GIVEN INFORMATION »
=== Begin Enclosure ===

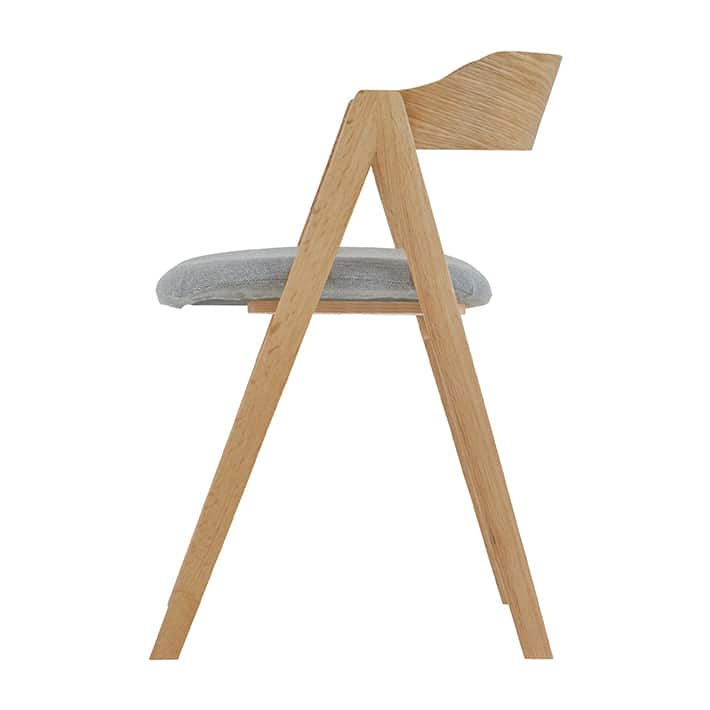 天然木の素材感が引き立つデザイン。シンプルながら、すっきりとしたシャープな脚部や、丸みのある背もたれ、短めのアームなど、細部のデザインにもこだわっています。
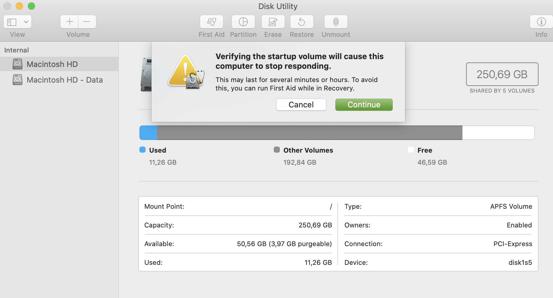 7. Repeat steps 3-6 on ‘Macintosh HD – Data’
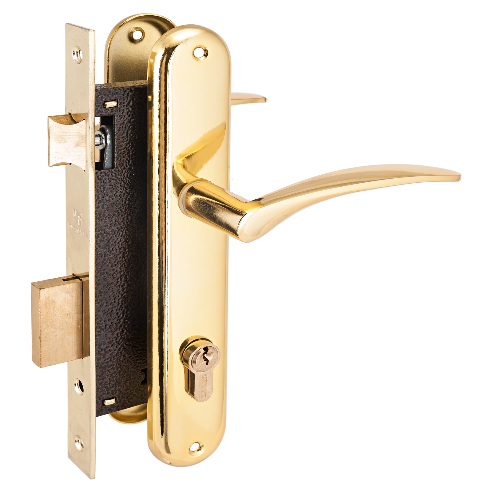 Замок врезной с ручками. Предназначен для установки в деревянные двери толщиной до 40 мм, правого и левого открывания. Дверь может быть закрыта на защелку и открыта с помощью фалевой ручки при открытом засове замка.
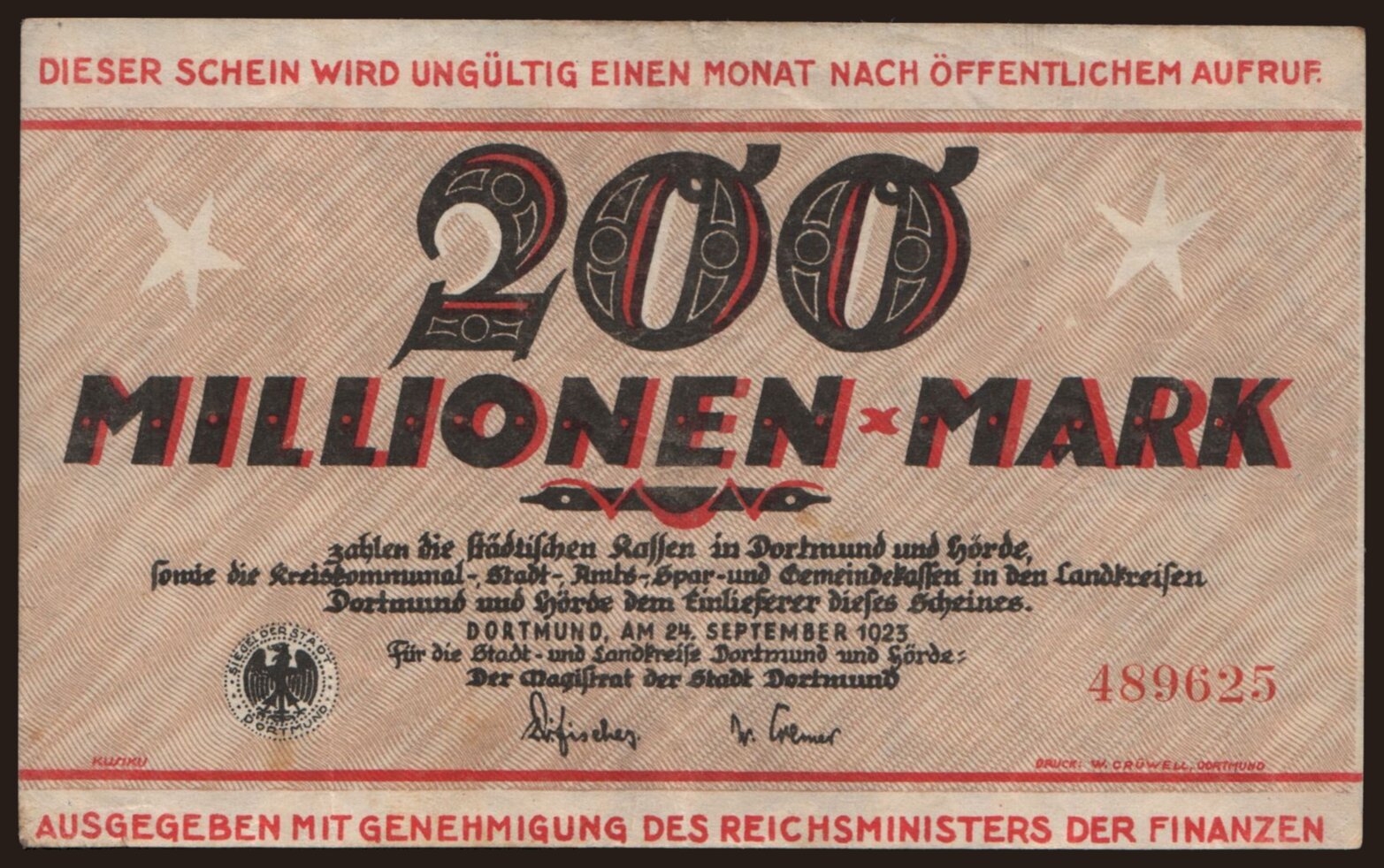 Dortmund/ Magistrat der Stadt, 200.000.000 Mark, 1923

=== End Enclosure ===

WHAT YOU ARE ASKED TO DO »
Your copy should start at the line with "Замок врезной с", stop at the last line of the listing above, match exactly, and contain no pictures.

RESPONSE TO THIS TASK »
 Замок врезной с ручками. Предназначен для установки в деревянные двери толщиной до 40 мм, правого и левого открывания. Дверь может быть закрыта на защелку и открыта с помощью фалевой ручки при открытом засове замка.
 Dortmund/ Magistrat der Stadt, 200.000.000 Mark, 1923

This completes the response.